To definitively establish the presence of FtsZ in these complexes, we performed immunoprecipitation experiments using anti-FtsZ sheep serum. Vegetatively growing cells of the wild-type strain (strain 168) and strain SU456 (Pspac-ftsZ, with or without IPTG) were treated with 1% formaldehyde for 10 min. These whole-cell extracts were then subjected to immunoprecipitation using anti-FtsZ sheep serum, and precipitated complexes were immunodetected using FtsA polyclonal antibodies (from rabbit). The anti-FtsZ sheep serum coimmunoprecipitated the 150- and 235-kDa FtsA-containing complexes from the wild-type strain (Fig. 3, lane 2). No FtsA monomer was detected with the FtsA antibodies following immunoprecipitation, demonstrating that FtsA alone does not precipitate with the anti-FtsZ serum (Fig. 3, lanes 2 through 4). When FtsZ was depleted using strain SU456 (Pspac-ftsZ) as described above, a decreased amount of the 150-kDa and 235-kDa complexes could be coimmunoprecipitated (Fig. 3, lane 3), reflecting diminished association between FtsZ and FtsA, which is again consistent with these complexes containing both FtsZ and FtsA. These results establish that FtsZ and FtsA are associated in the 150- and 235-kDa complexes. We have therefore successfully developed an in vivo assay for FtsZ and FtsA association in B. subtilis.
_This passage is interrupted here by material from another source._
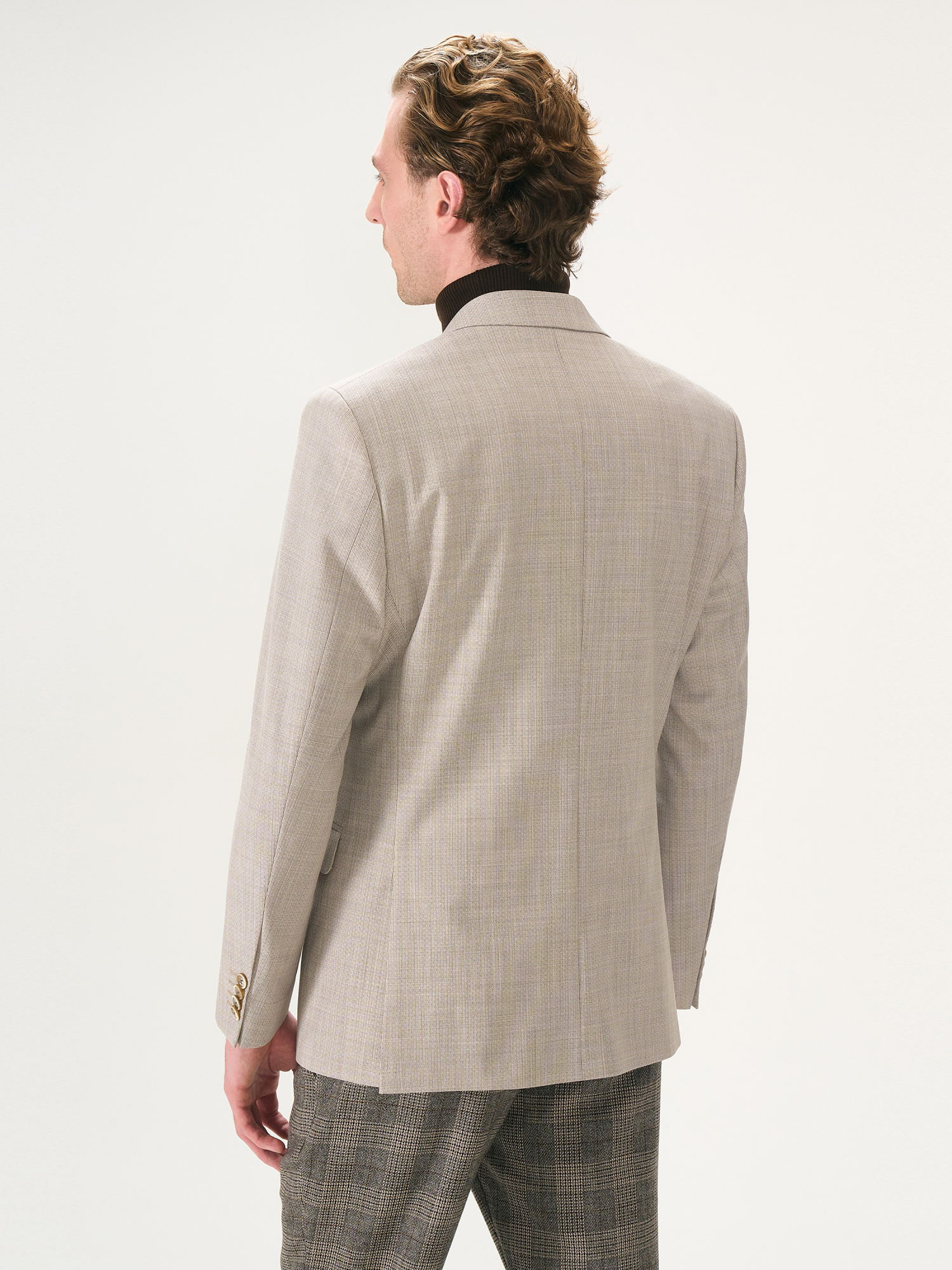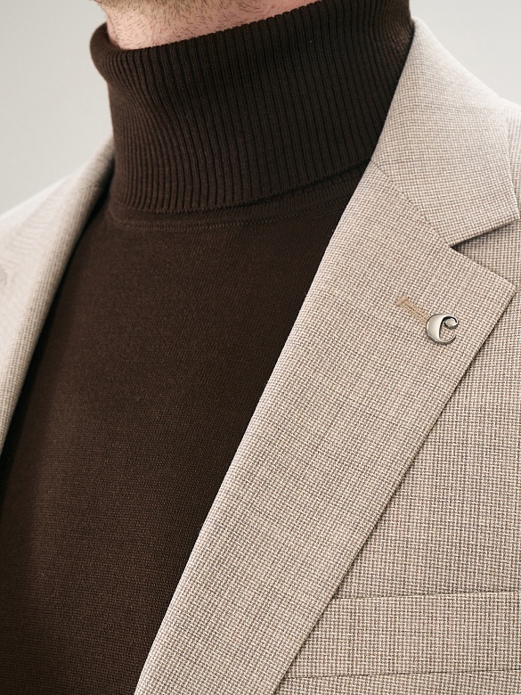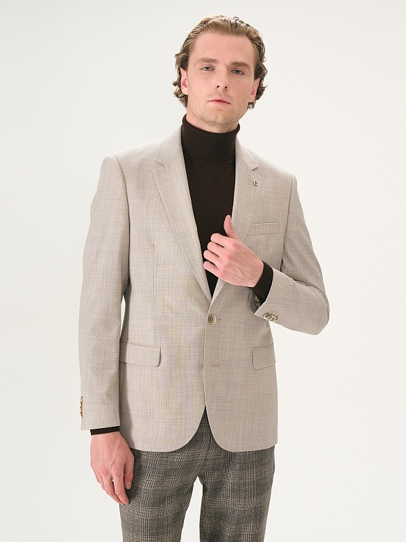Смесь тканей делает его мягким и комфортным при носке, а шерстяной компонент обеспечивает тепло в прохладные дни. Шерсть также придает благородный вид, сохраняя внешний лоск долгие годы. Выбранная модель с двумя пуговицами подчеркивает статусность изделия и добавляет утончённости в стиль владельца. Фасон идеально садится по фигуре, создавая впечатление уверенности и способности принимать любые вызовы времени.

FIG. 3. — Western blot analysis of FtsA-containing cross-linked complexes immunoprecipitated with anti-FtsZ serum. *B. subtilis* strains 168 (without IPTG; lane 2) and SU456 (Pspac-ftsZ; without or with IPTG in lanes 3 and 4, respectively) were cross-linked with 1% formaldehyde for 10 min and whole-cell extracts immunoprecipitated with anti-FtsZ sheep serum. FtsA polyclonal antibodies (rabbit) were then used to detect FtsA-containing complexes. Lane 1 contained a cross-linked lysate of *B. subtilis* strain 168 (without IPTG) that had not been immunoprecipitated. Arrows indicate the FtsA monomer or specific FtsA-containing complexes and their apparent molecular masses in kDa. Positions and sizes of the protein standards (SeeBlue; Invitrogen) are shown on the left.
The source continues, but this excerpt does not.